Source data:
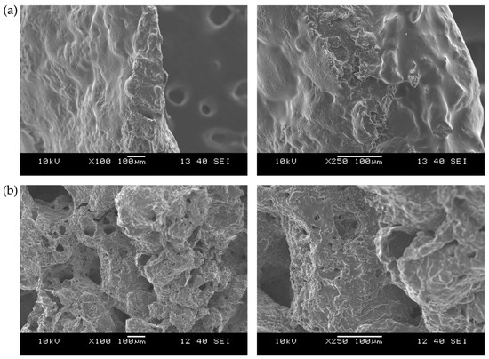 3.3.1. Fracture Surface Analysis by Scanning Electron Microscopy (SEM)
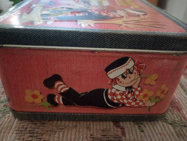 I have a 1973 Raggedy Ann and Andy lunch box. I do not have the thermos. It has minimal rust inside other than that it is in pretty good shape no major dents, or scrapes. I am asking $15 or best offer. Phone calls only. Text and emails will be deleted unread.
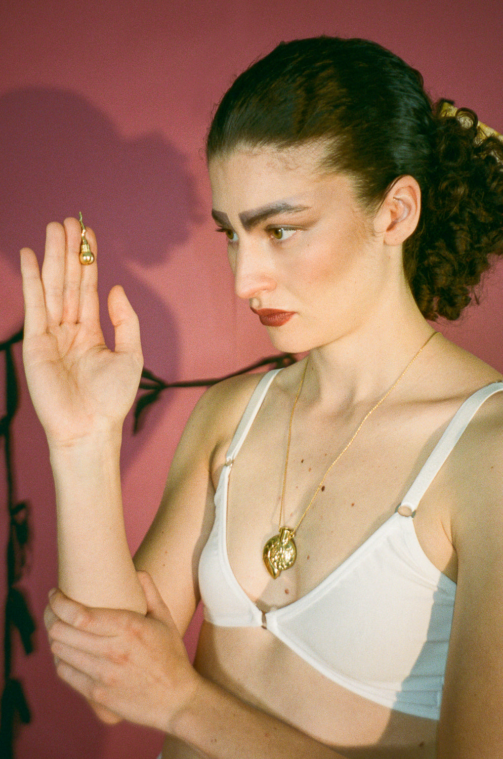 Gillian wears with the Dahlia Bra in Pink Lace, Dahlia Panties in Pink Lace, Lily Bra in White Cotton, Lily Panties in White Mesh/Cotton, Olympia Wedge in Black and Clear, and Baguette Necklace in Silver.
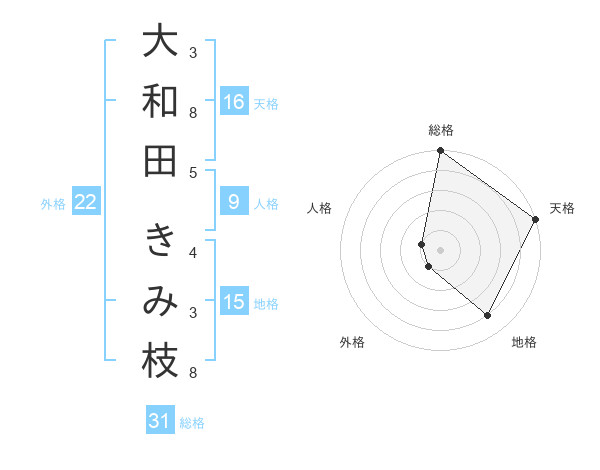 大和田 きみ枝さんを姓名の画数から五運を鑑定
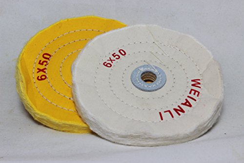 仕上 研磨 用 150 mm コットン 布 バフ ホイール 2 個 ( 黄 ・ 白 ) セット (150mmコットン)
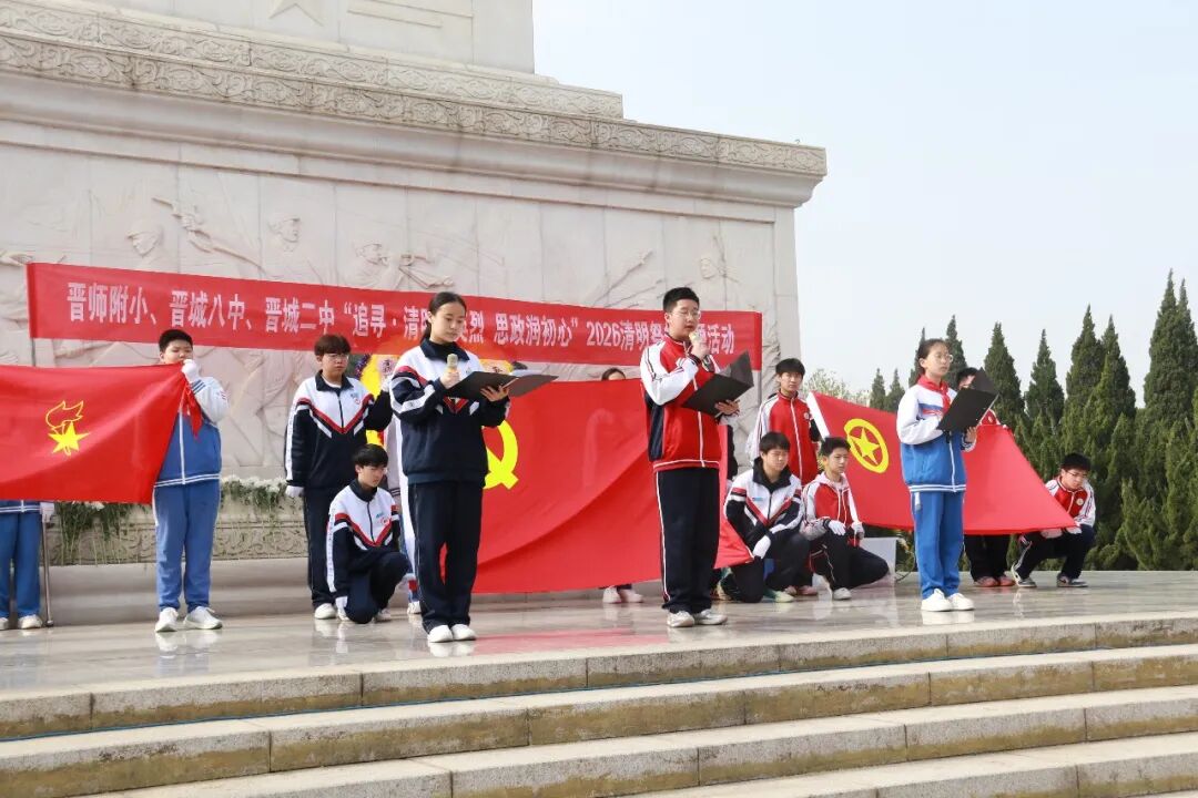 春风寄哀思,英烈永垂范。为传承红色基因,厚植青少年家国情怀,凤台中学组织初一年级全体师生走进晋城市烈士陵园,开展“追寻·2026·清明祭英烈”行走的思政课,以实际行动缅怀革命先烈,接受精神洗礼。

Requirement: Please write out every record above exactly, but leave the pictures out.

Task answer:
 3.3.1. Fracture Surface Analysis by Scanning Electron Microscopy (SEM)
 I have a 1973 Raggedy Ann and Andy lunch box. I do not have the thermos. It has minimal rust inside other than that it is in pretty good shape no major dents, or scrapes. I am asking $15 or best offer. Phone calls only. Text and emails will be deleted unread.
 Gillian wears with the Dahlia Bra in Pink Lace, Dahlia Panties in Pink Lace, Lily Bra in White Cotton, Lily Panties in White Mesh/Cotton, Olympia Wedge in Black and Clear, and Baguette Necklace in Silver.
 大和田 きみ枝さんを姓名の画数から五運を鑑定
 仕上 研磨 用 150 mm コットン 布 バフ ホイール 2 個 ( 黄 ・ 白 ) セット (150mmコットン)
 春风寄哀思,英烈永垂范。为传承红色基因,厚植青少年家国情怀,凤台中学组织初一年级全体师生走进晋城市烈士陵园,开展“追寻·2026·清明祭英烈”行走的思政课,以实际行动缅怀革命先烈,接受精神洗礼。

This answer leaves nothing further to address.